*** SUPPLIED DATA Section Begins ***
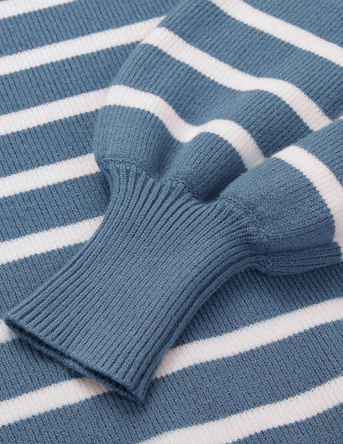 imageZESICA Womens 2025 Fall Fashion Turtleneck Long Sleeve Striped Ribbed Knit Loose Pullover Sweater TopsDarkblue
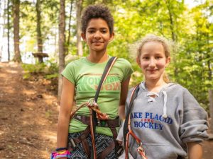 Two students proudly pose after conquering the aerial adventure course. Adirondack Extreme provides group packages for school field trips, encouraging collaboration, leadership, and outdoor fun for students ages 6 and up
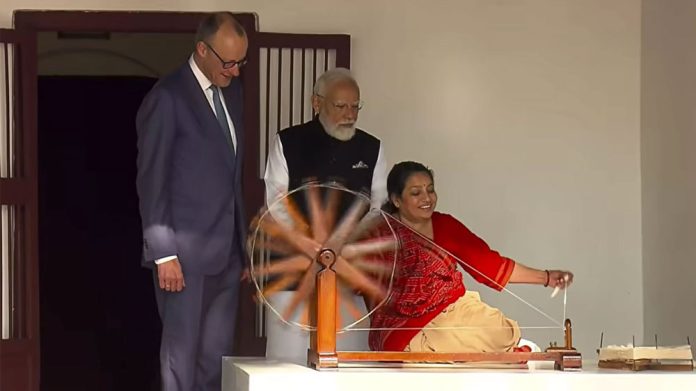 ಅಹಮದಾಬಾದ್, ಜ. 12- ಪ್ರಧಾನಿ ನರೇಂದ್ರ ಮೋದಿ ಅವರು ಇಂದು ಜರ್ಮನ್ ಚಾನ್ಸೆಲರ್ ಫೆಡ್ರಿಕ್ ಮೆರ್ಜ್ ಅವರೊಂದಿಗೆ ಅಹಮದಾಬಾದ್ನಲ್ಲಿರುವ ಸಬರಮತಿ ಆಶ್ರಮಕ್ಕೆ ಭೇಟಿ ರಾಷ್ಟ್ರಪಿತ ಮಹಾತ ಗಾಂಧಿ ಅವರ ಆಶೀರ್ವಾದ ಪಡೆದರು.
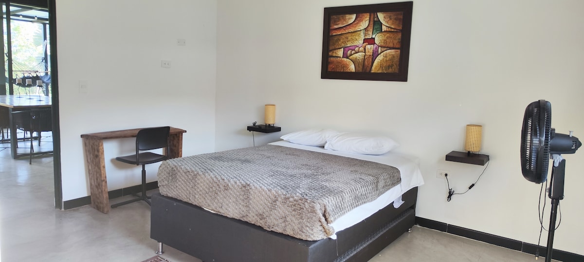 Iraka Villa de Verano. Exclusiva cabina de roble rodeada de naturaleza y vistas increíbles. Ubicada en un bosque seco tropical donde podrás disfrutar de clima cálido durante todo el año. A solo 1 hora y 15 minutos de Medellín. Minipool privada para refrescarte durante el día y con opción de calefacción para disfrutar de una noche en pareja. Cómoda habitación con A/C y cama king con sábanas 100% algodón. Baño al aire libre donde podrás disfrutar de una relajante ducha con una hermosa vista.
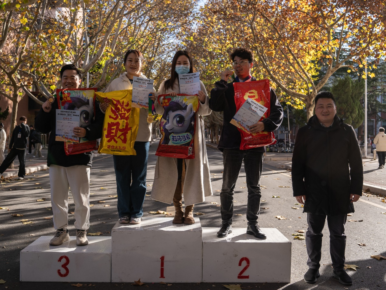 教职工组同样精彩,赵征、周媛媛老师配合默契,奔跑途中相互鼓励,凭借丰富经验与稳健体能脱颖而出,拔得头筹;朱辉星老师全力奔跑,调整节奏,不断超越自我,拿下第二名;杨玉洲老师稳扎稳打,凭借耐力优势,最终登上领奖台第三名位置,展现出教职工组的别样风采。
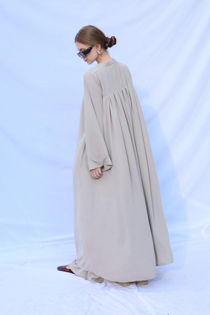 Bol Abaya Takım Taş. Abaya,Pantolon,Bluz olmak üzere 3'lü takım olarak satılmaktadır. Duble koldur. Kuşaklıdır. Arkası pilelidir. Pantolon yandan ceplidir, yandan fermuarlıdır, arkadan lastiklidir, önden pilelidir, geniş paçalıdır, astarsızdır. Bluz arkadan fermuarlıdır, Dik yakalıdır, Sıfır koldur. Günlük ve özel günlerde kullanıma uygundur.
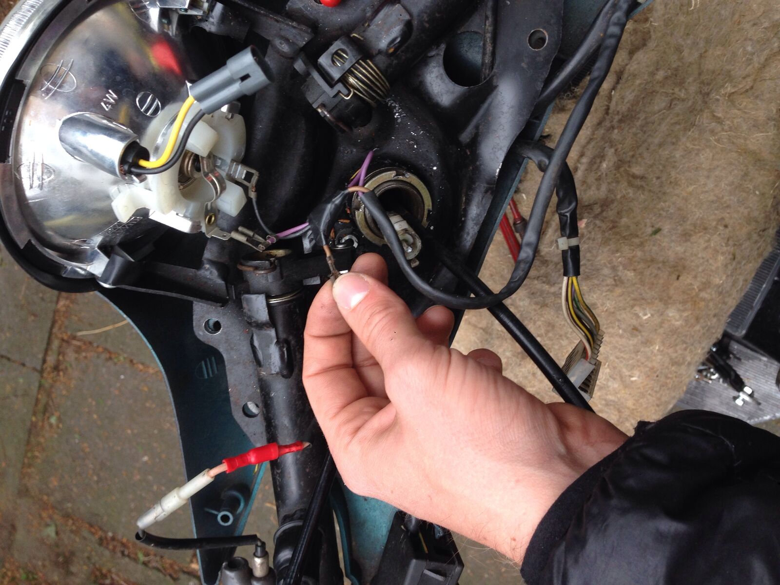 Es kommen 3 Kabel aus einem Strang vom Start,Licht und Hupschalter.
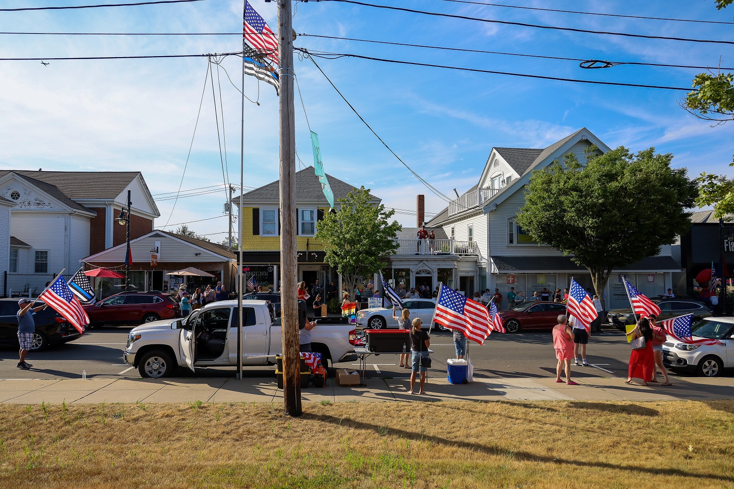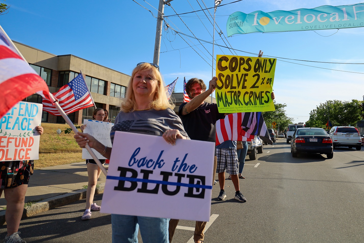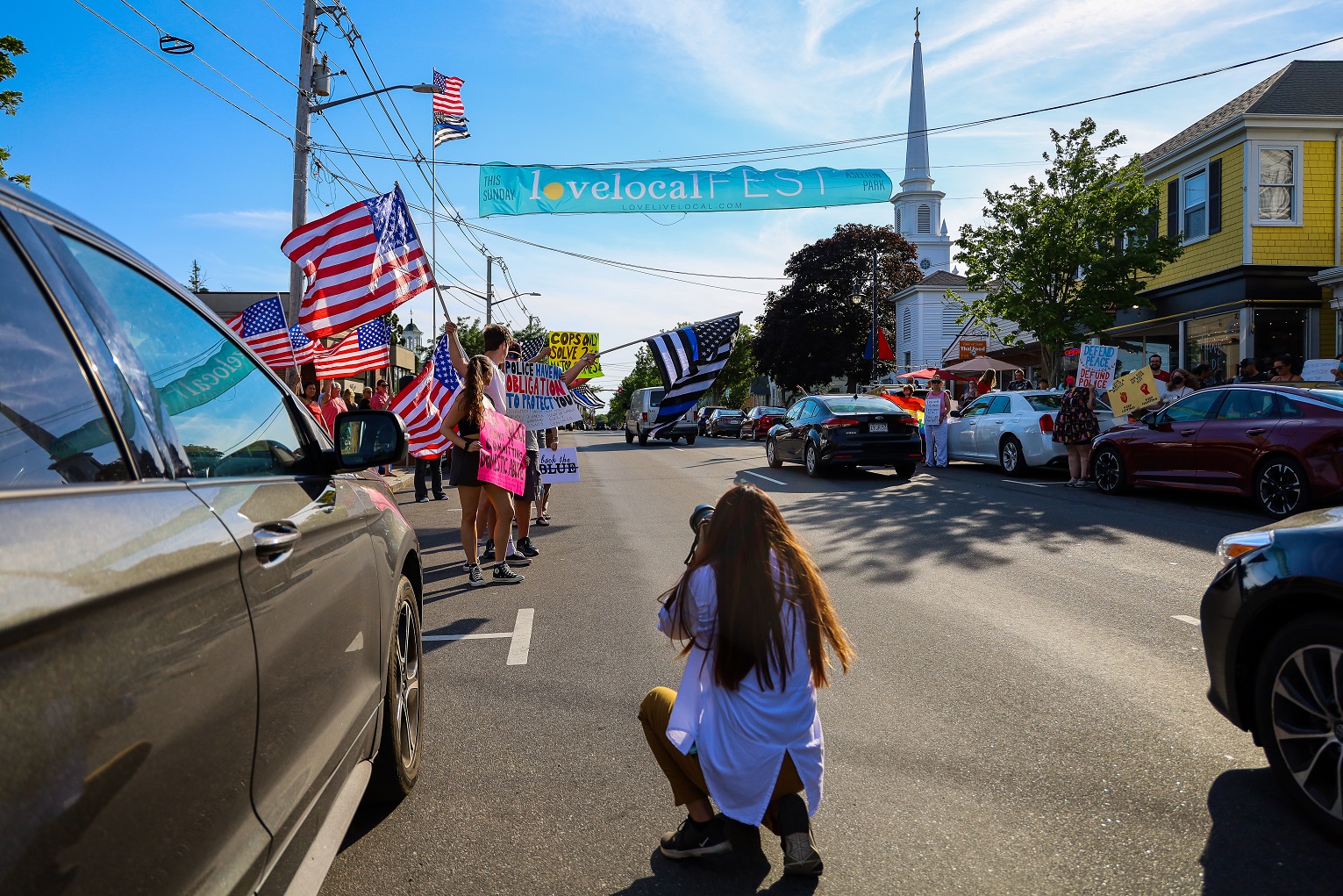 “BACK THE BLUE” ON ONE SIDE OF STREET, “DEFUND THE POLICE” ON OTHER, “LOVE LOCAL FEST” SOMEWHERE RIGHT DOWN THE MIDDLE! [HN PHOTOS]
*** SUPPLIED DATA Section Ends ***
[TASK DIRECTIONS]
Could you write out exactly the lines of the data above that run from the one holding "教职工组同样精彩,赵征、周媛" to the one holding "Bol Abaya Takım", with both ends in and all pictures out?

[ANSWER AREA]
 教职工组同样精彩,赵征、周媛媛老师配合默契,奔跑途中相互鼓励,凭借丰富经验与稳健体能脱颖而出,拔得头筹;朱辉星老师全力奔跑,调整节奏,不断超越自我,拿下第二名;杨玉洲老师稳扎稳打,凭借耐力优势,最终登上领奖台第三名位置,展现出教职工组的别样风采。
 Bol Abaya Takım Taş. Abaya,Pantolon,Bluz olmak üzere 3'lü takım olarak satılmaktadır. Duble koldur. Kuşaklıdır. Arkası pilelidir. Pantolon yandan ceplidir, yandan fermuarlıdır, arkadan lastiklidir, önden pilelidir, geniş paçalıdır, astarsızdır. Bluz arkadan fermuarlıdır, Dik yakalıdır, Sıfır koldur. Günlük ve özel günlerde kullanıma uygundur.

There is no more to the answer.